Composition-controlled synthesis of LixCo3−xO4 solid solution nanocrystals on carbon and their impact on electrocatalytic activity toward oxygen reduction reaction

Abstract

Through incorporation of other metal elements like Li, K and Cu into the Co₃O₄ lattice, tuning electronic structures of carbon-supported Co₃O₄ may be an effective way to improve electrochemical properties of the oxide as an efficient catalyst for the oxygen reduction reaction (ORR). In this paper, we have synthesized Li-doped Co₃O₄ (Li/Co = 0, 2.5%, 5%, 7.5%) solid solution nanocrystals through direct nucleation and growth of the lithium-cobalt oxide on a acid-treated carbon black. The carbon supports Li_xCo_3−xO₄ spinel nanocrystals with average particle size of approximately 4 nm, covered evenly on the surface of carbon in this hybrid. The electrocatalysis experiments in an alkaline solution reveal a close correlation between the ORR electrocatalytic activities and the doped Li contents of these Li_xCo_3−xO₄/C catalysts. Interestingly, the half-wave potential and the mass-specific activity of these catalysts show a typical volcano plot as a function of Li contents. Among all the synthesized Co_3−xO₄/C samples, the sample prepared at the Li/Co atomic ratio of 5% displays the most positive half-wave potential and the largest mass-specific activity respectively, which are 70 mV and 3.3 times higher than the undoped Co₃O₄/C. Compared with that of the undoped Co₃O₄/C, the remarkly increased content of covalent OC–O–Co^III–O bonds formed at the interfaces between Li-doped Co₃O₄ and carbon support is responsible for the improved electro-catalytic performances of the doped catalyst.

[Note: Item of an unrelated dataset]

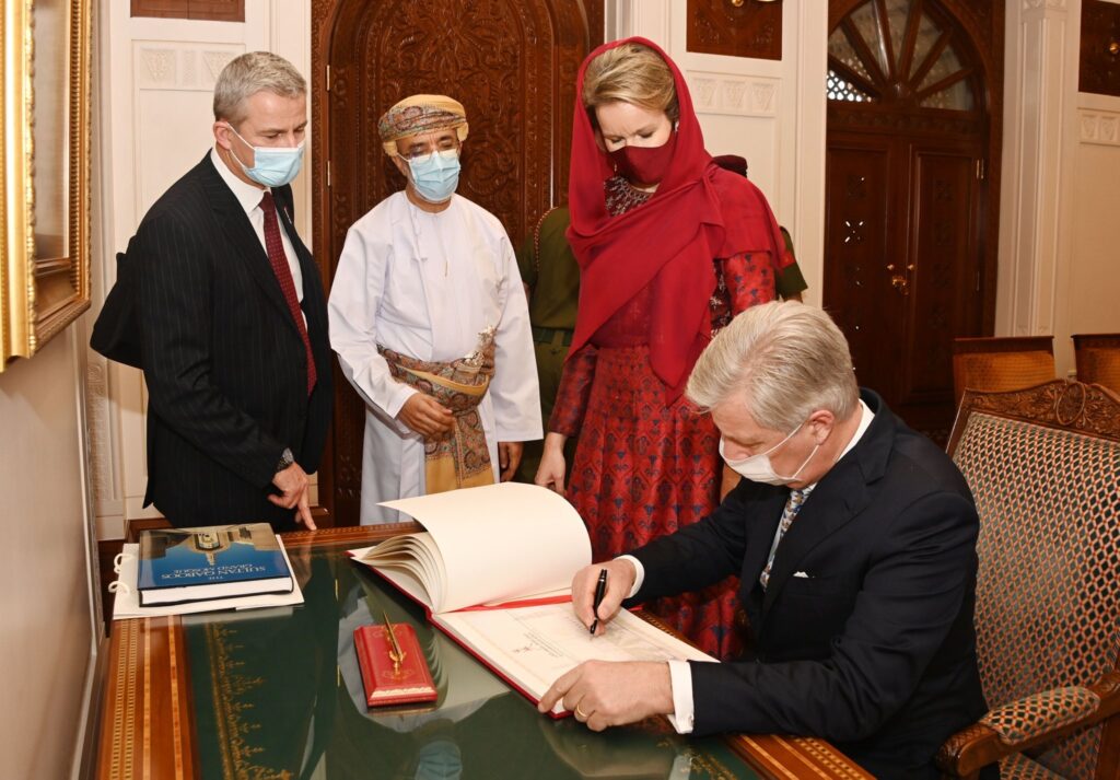 جلالة الملك فيليب ليوبولد لويس ماري ملك البلجيكيين وقرينته جلالة الملكة ماتيلد ماري كريستين غيسلاين ملكة البلجيكيين يزوران جامع السُّلطان قابوس الأكبر في ولاية بوشر بمحافظة مسقط في إطار زيارتهما الرسمية الحالية لسلطنة عُمان.

Moreover, the covalent electron transfer from the Co^III species to the electron-withdrawing OC–O species through the OC–O–Co^III–O bonds can not only promote the oxidation of active sites Co^III into Co^IV but also facilitate the surface hydroxide displacement, which can significantly contribute to the ORR kinetics. Therefore, the exact understanding of the unique interfacial electronic structures of the Li_xCo_3−xO₄/C hybrids is very important to develop the lithium-cobalt oxides on carbon as next-generation catalysts for ORR.